_Records provided:_
[Start of section]

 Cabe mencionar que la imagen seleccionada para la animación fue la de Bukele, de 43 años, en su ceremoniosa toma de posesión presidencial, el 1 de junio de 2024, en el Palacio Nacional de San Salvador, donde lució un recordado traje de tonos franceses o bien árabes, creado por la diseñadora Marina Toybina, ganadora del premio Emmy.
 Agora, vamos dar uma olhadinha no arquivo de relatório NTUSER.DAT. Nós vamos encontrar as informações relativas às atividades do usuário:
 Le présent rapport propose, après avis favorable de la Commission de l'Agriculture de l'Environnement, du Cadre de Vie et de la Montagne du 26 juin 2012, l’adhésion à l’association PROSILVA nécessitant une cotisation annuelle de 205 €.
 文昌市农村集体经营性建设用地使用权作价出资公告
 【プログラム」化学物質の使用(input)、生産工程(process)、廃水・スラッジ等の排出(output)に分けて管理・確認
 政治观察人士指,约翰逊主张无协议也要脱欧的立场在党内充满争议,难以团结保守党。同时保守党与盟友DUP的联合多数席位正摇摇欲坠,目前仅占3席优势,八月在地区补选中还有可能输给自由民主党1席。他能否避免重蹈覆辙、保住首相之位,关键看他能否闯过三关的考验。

[End of section]
[Start of section]

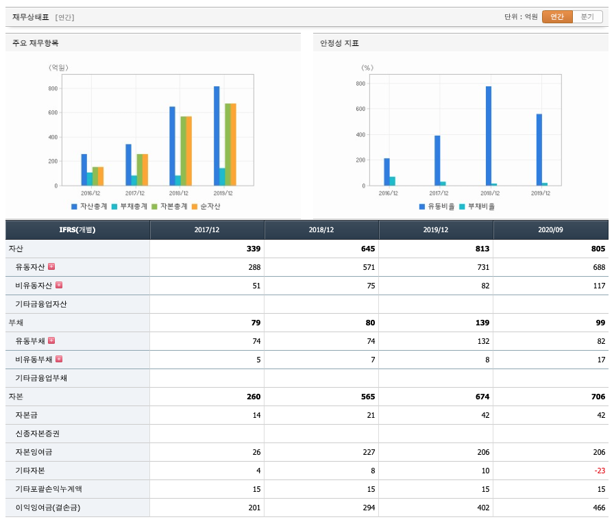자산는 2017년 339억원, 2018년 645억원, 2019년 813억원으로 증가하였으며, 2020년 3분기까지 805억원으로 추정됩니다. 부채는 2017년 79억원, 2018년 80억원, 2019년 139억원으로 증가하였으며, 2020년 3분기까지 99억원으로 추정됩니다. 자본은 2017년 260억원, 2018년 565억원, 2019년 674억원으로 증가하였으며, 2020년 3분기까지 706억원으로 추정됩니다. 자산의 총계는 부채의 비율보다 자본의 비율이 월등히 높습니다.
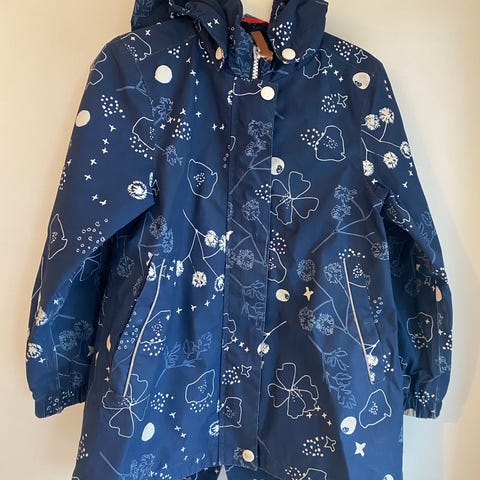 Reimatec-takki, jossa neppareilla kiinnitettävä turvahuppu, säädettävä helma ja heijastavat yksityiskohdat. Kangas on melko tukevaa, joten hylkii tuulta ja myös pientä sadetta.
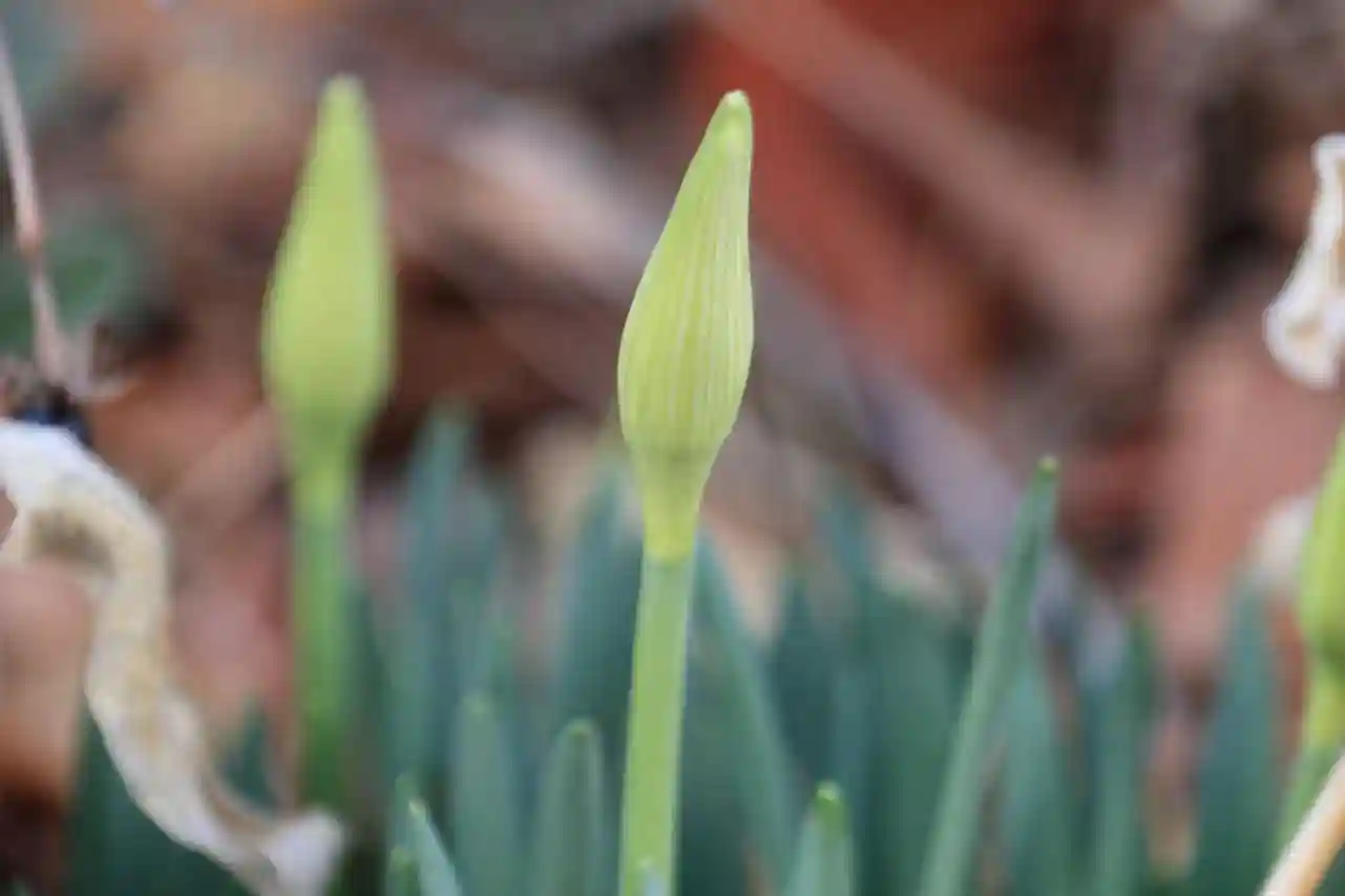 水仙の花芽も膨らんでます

[End of section]

_Problem:_ In the listing above, find the line containing "Reimatec-takki, jossa neppareilla" and the line containing "水仙の花芽も膨らんでます", then write out both of them and every line between, exactly, with no pictures.

_Solution for this exercise:_
 Reimatec-takki, jossa neppareilla kiinnitettävä turvahuppu, säädettävä helma ja heijastavat yksityiskohdat. Kangas on melko tukevaa, joten hylkii tuulta ja myös pientä sadetta.
 水仙の花芽も膨らんでます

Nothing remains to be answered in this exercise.